DOCTORS, HANDBALL AND BOOKS

This week the topic of loss has been on my mind. It all started with an appointment with the neurologist which I had put off while the F.E.D was in hospital. I have a bad habit of thinking about organs I have lost while waiting for specialist appointments. I think its inner fear speaking, as in " what will be next?". The count so far is thyroid, breasts, uterus, ovaries, appendix and many other chunks from all over. I should be safe at the neurologist - surely I won't lose my brain??!! Some would say that's gone already!
 Anyway, it looks like my brain is safe ...it always was by the way... but my doctors keep playing handball with me about other parts. One says you have lumps in your chest. We need to send you to Dr so and so to check them out. Dr so and so takes one look at them and says "out of my area of expertise.You need to go back". I feel like saying " You're driving me nuts. Wake me up when you're done messing about."

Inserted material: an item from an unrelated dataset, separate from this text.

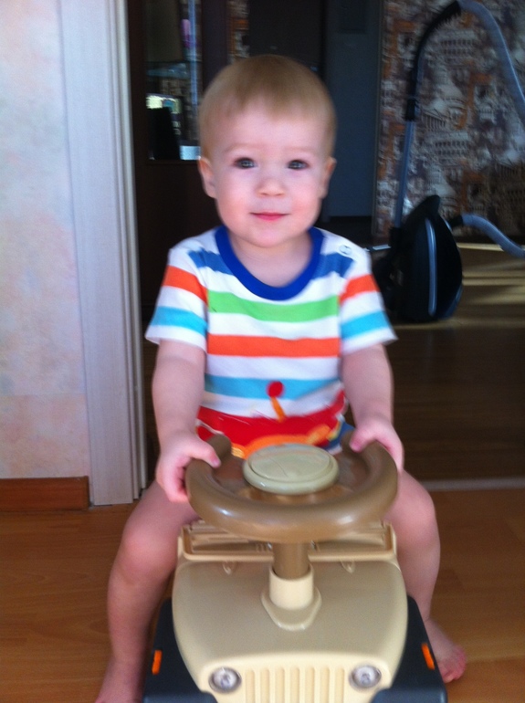 Как можно увидеть - катается наконец-то на своей машине. Будь она неладна! По всем ногам проедет, всю мебель отобьет.. меня вместе с собакой уже передергивает от звуков этой шайтан машины! Муж тоже сказал, что его эта машина заколебала знатно))

This is what its like to have Cowdens. Every lump has to be investigated. Every doctor is never sure what to do and I guess worried if they tell me to " watch and wait" and it turns out to be sinister after all. Its enough to make anyone lose their mind but its a side effect in an era of litigation. Every doctor is desperate to cover his or her butt!

Doctors are good at filling up time while they collude and decide what to do with you.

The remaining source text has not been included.